Stuck in the 80’s



Há expressões que fazem mais sentido, ou melhor, o sentido é mais intenso, verdadeiro, enfim, parece expressar melhor o que nos vai na alma, um pouco como a palavra saudade…

Serve a mínima introdução para de alguma forma justificar o uso do inglês no título.

Tenho a certeza que os anos 80 foram sem dúvida especiais. A geração que os viveu também… pese embora a falta de factos para confirmar o que digo. Factos, esses que nos deviam trazer ao momento presente uma luz “iluminada” e não uma luz “apagada”, que é sem dúvida aquela em que vivemos.

Mas perdoem-me, não quero afastar-me da razão deste texto, que gostaria que fosse de alguma forma um “louvor” aos anos 80.

Eu iniciei os 80 com o desflorar da minha juventude, a descoberta de ser mulher, as perguntas, as dúvidas, a revolta de uma criança a tornar-se mulher e o choque de sair da inocência para a “impureza”, “malícia”… para o pecado (que nos daria aqui tema para outro texto).
Enfim a rutura entre realidades opostas. E então em que me refugiei (eu e outros)? Na música e “movies”.

Lembro-me perfeitamente que a música nessa década expressava quase todos os nossos sentimentos, ideias, ideais, emoções.
Assim quando ouço, Human League que não só os achava fantásticos como em termos visuais desafiavam a “normalidade” , Simple Minds cheios de estilo,  The Pretenders, Queen, Fleetwood  Mac, Simply Red, Spandau Ballet, Duran Duran, A Ha, Eurytmics, Supertramp, Rod Stewart (o meu ídolo em inglês),B-52, Bangles, Boomtown Rats, Culture Club, DEpeche Mode, DExy's Midnight Runners; em português também foi criativo: o maior de todos Rui Veloso, Trabalhadores do Comércio, Jáfumega, Heróis do Mar, UHF, Os Taxi, Os Salada de Fruta, António Variações, Radio Macau, Sitiados, enfim uma lista infindável de músicas  e músicos que me tocaram, marcaram essa década, cresce em mim essa coisa da nostalgia…

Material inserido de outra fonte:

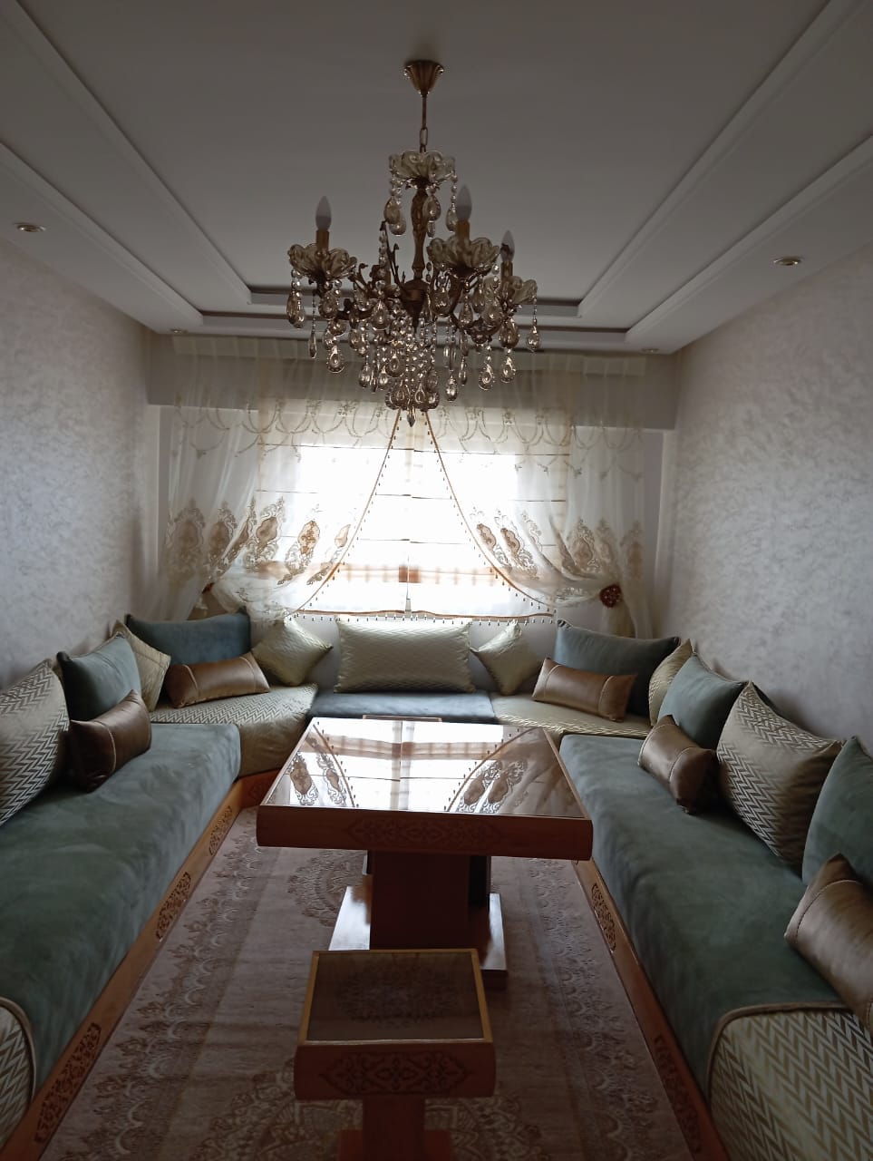 Bonjour, In the city center of El jadida, and 5 min walk to the beach, I rent my 90 m2 apartment which consists of two bedrooms, a living room, a living room, a large kitchen with balcony, a bathroom and a laundry area, This family home is close to all sights and amenities. Parking in front of the building. Welcome:)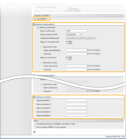 Jeśli nie trzeba zmieniać ustawień SNMPv3, przejdź do kolejnego kroku.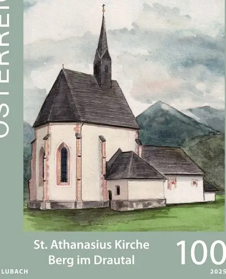 Die eindrucksvolle St. Athanasius-Kirche (St. Athanas) in Berg im Drautal ist Motiv für eine Briefmarke der Post und erfährt damit eine weitere Bekanntheit. Doch erst am 20. Juni 2025 ist es soweit: Die Österr. Post AG verausgabt auf Anregung des Österreichischen Philatelistenvereins St. Gabriel im Rahmen der Sondermarkenserie „Kirchen in Österreich“ eine Briefmarke mit dem Motiv der Filialkirche St. Athanasius (St. Athanas).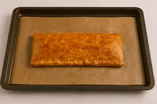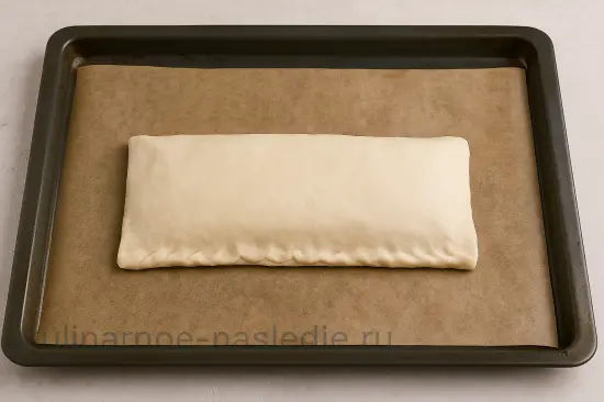 Соедините длинные края теста над начинкой и плотно защипните их, чтобы получился шов. Точно так же скрепите короткие стороны пирога, чтобы начинка не вытекла. Переверните пирог швом вниз и выложите его на противень, заранее смазанный маслом или застеленный пергаментной бумагой. Это поможет пирогу не прилипнуть и равномерно пропечься.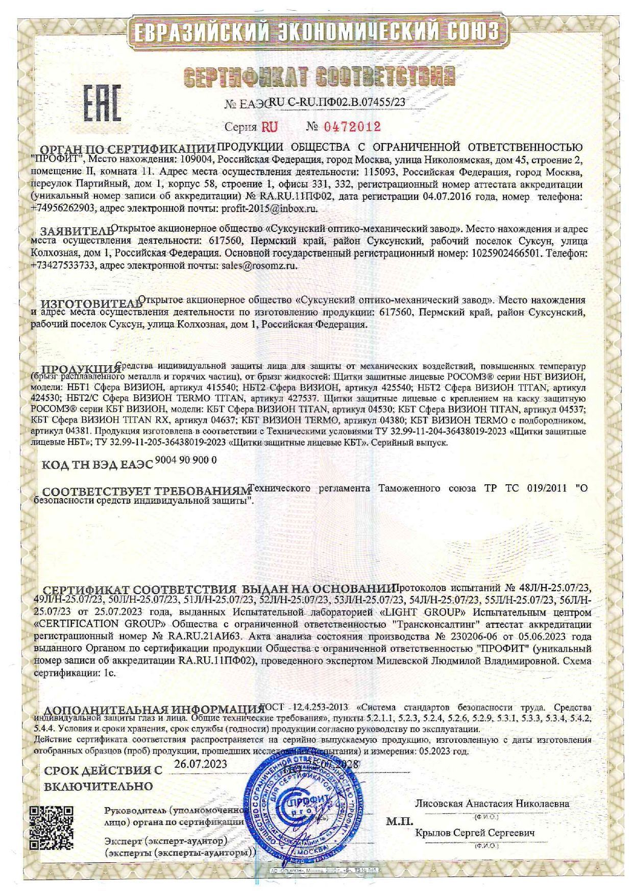 Щиток защитный НБТ2 Сфера ВИЗИОН (425540)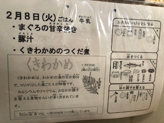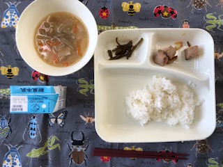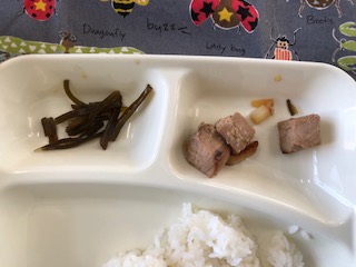 今日の給食には、まぐろがでました。お皿にあるまぐろの甘辛焼きのとなりは、茎わかめの佃煮です。
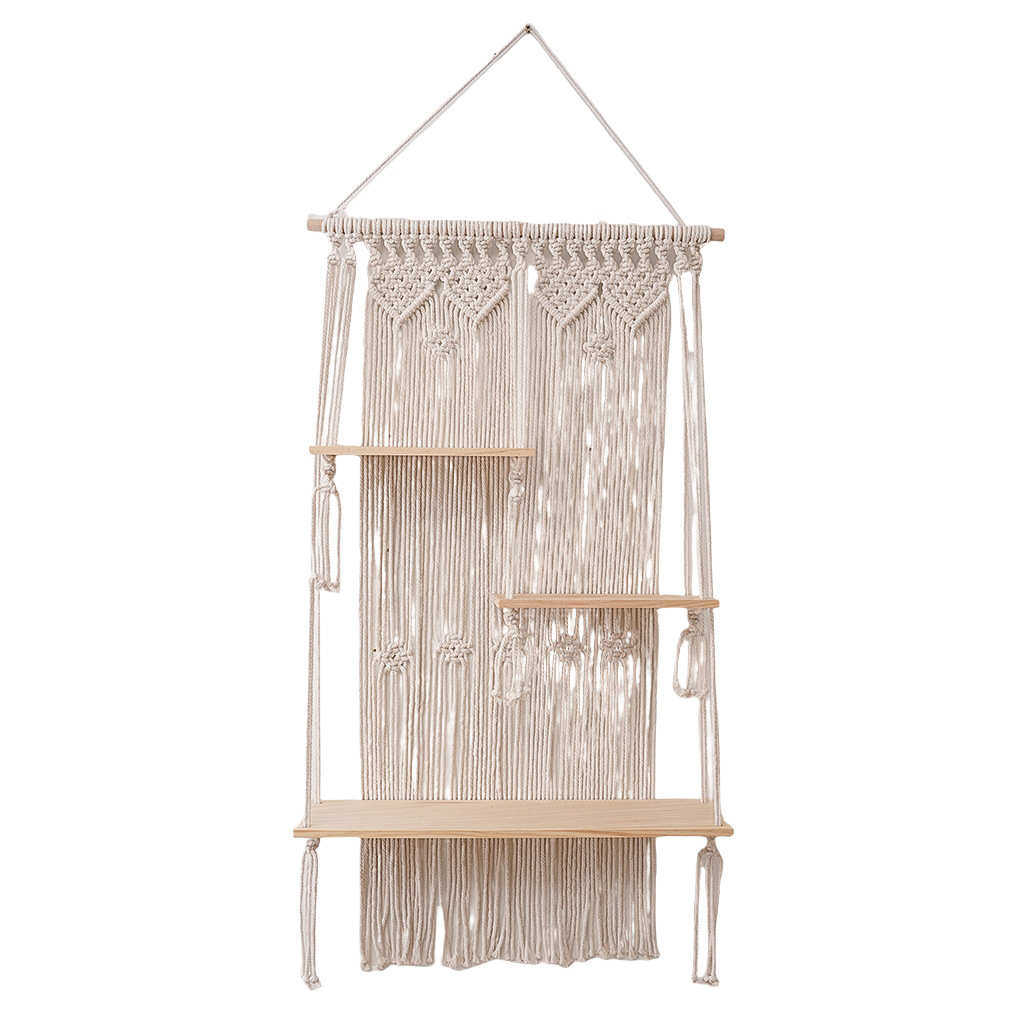 📚 酒店物宿墙上米亚绳搁板挂毯装饰棉置置床头民架波西客厅架编织物
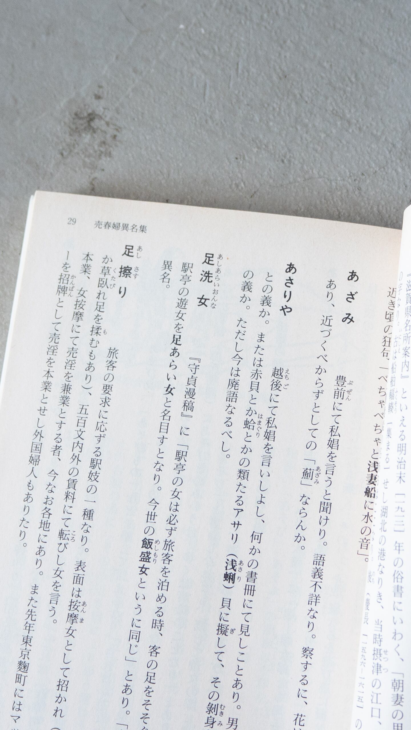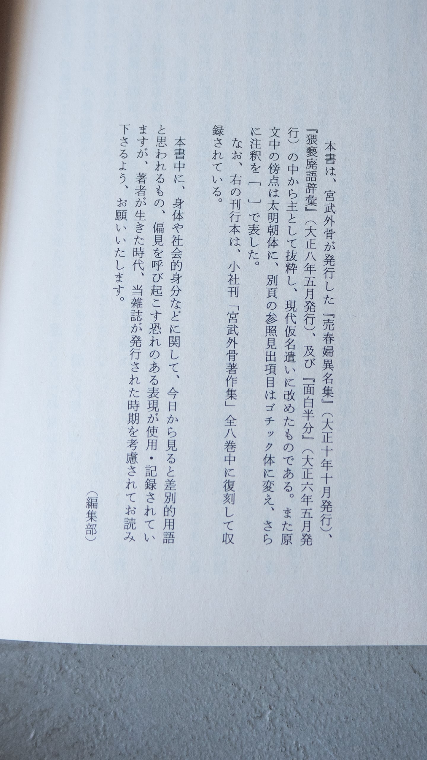 本書は、古来の風俗用語およびその解説を、主に宮武外骨の「売春婦異名集」「猥褻廃語辞彙」「面白半分」から抜粋し、現代仮名遣いに改めたもの。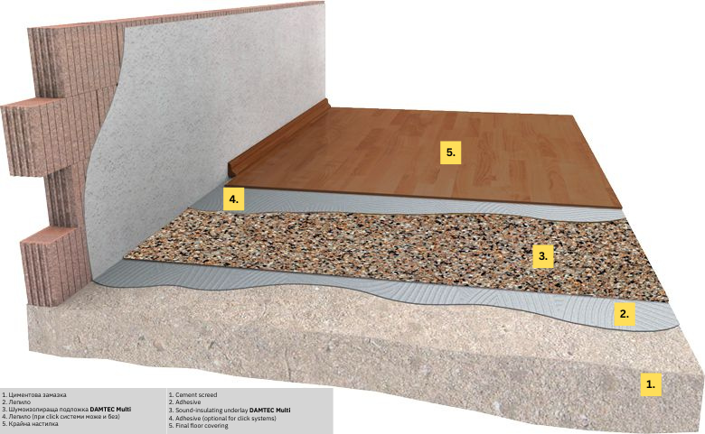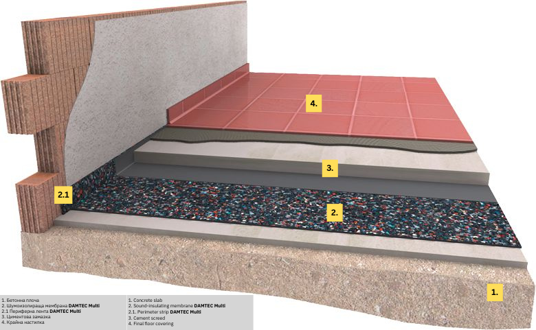 Damtec Multi sound-insulating layer for installation under cement screed: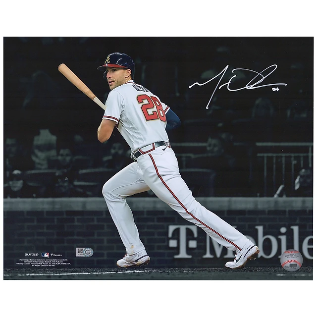 Photographie autographiée de Matt Olson des Braves d'Atlanta, 11'' x 14'', en vedette de la frappe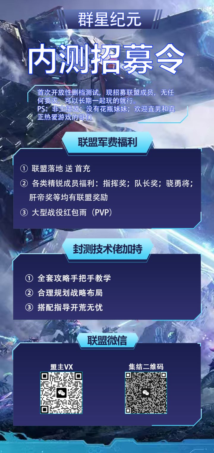 腾讯首款 SLG+RTS 类手游 《群星纪元-代号:孤星》10月31号首次开放性删档内测 联盟落地福利,军费激励奖金封测技佬带队,成熟布局安排丰富游戏体验,多次带队经验联盟历程:荣耀新三国;战地无疆;重返帝国;战火勋章;乱世王者;鸿图之下;红警OL;卧龙吟;万国觉醒;王国纪元;率土之滨;世界启元;魔法门等SLG类游戏欢迎喜欢SLG对抗以及RTS的铁铁们,本次联盟备战600人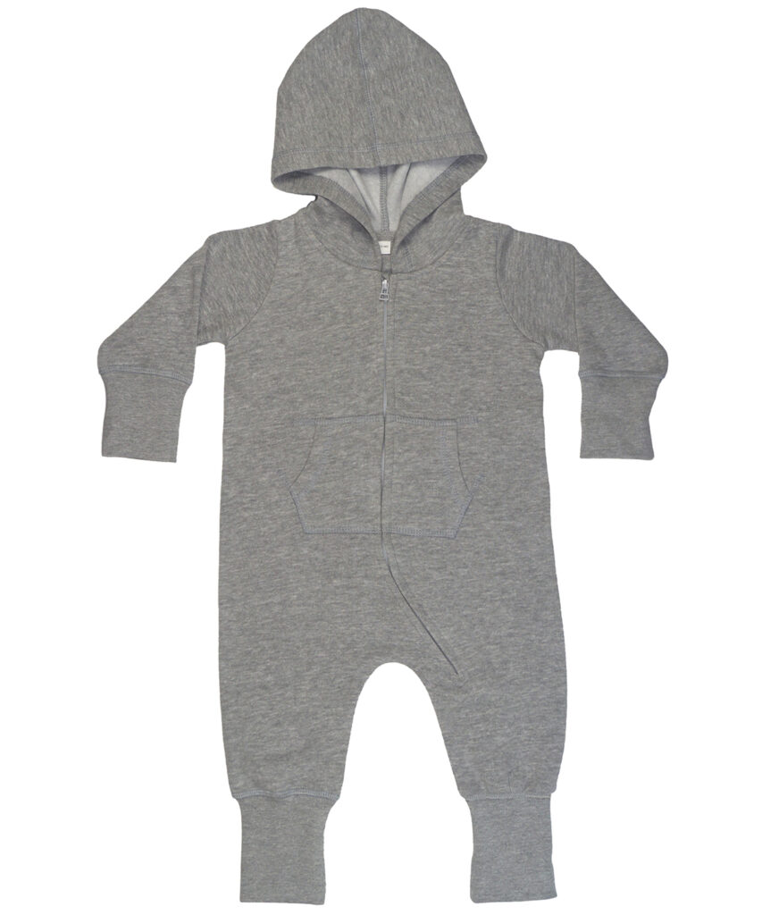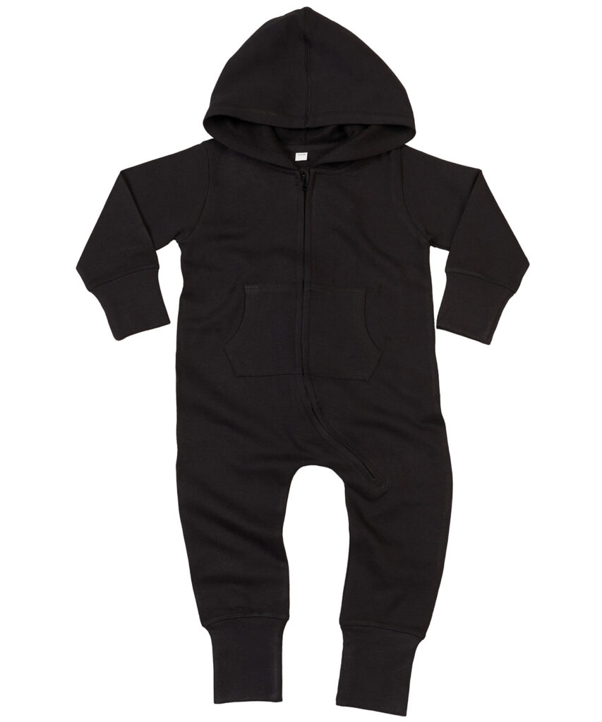 Baby and toddler All-in-one with cosy and soft brushed inner, and both 3 piece hood and extra-long cuffs (which can be folded back or left longer) for optimum fit. No centre back seam for increased decoration potential. Comfort tabs at top of zip. Oeko-tex class 1 approved fabric. ?Well-made? ethical manufacturing process. Brand-free back-neck area with tear off size and style label only. Oeko-Tex certified.

Vêm os filmes também: ET, Top Gun, Pretty In Pink, Indiana Jones, Back To The Future, Star Trek, Espaço 1999, O Exterminadador, Desesperadamente Procurando Susana, Poltergeist, Blade Runner, Manequim, Karaté Kid, Die Hard, O último Imperador, Um peixe chamado Vanda, A Testemunha, Mad Max, Acusados, A mosca, Flores de Aço, Against all odds, Império do Sol, enfim tantos, tantos…

E nós a desenvolvermo-nos física e intelectualmente e a absorver tudo, tudo. Que bom esses tempos, ainda tão fora do universo adulto.
Foi uma década fantástica de sonhos, experiências que nos trazem até hoje. E que depressa passou…

Agora o universo está a fazer o seu ciclo de volta e os 80 com novas “roupagens”, atualizações e novas personagens e nós somos os outros, os espetadores e não as personagens. Queremos poder interferir de forma a potenciar o que de melhor tem esse tempo mas não nos é permitido intervir. Estas personagens têm agora que trilhar o seu próprio caminho, realizar as suas próprias aprendizagens, processando, evoluindo e preparando-se para passarem a espetadores.

“Stuck in the 80’s” de alguma forma.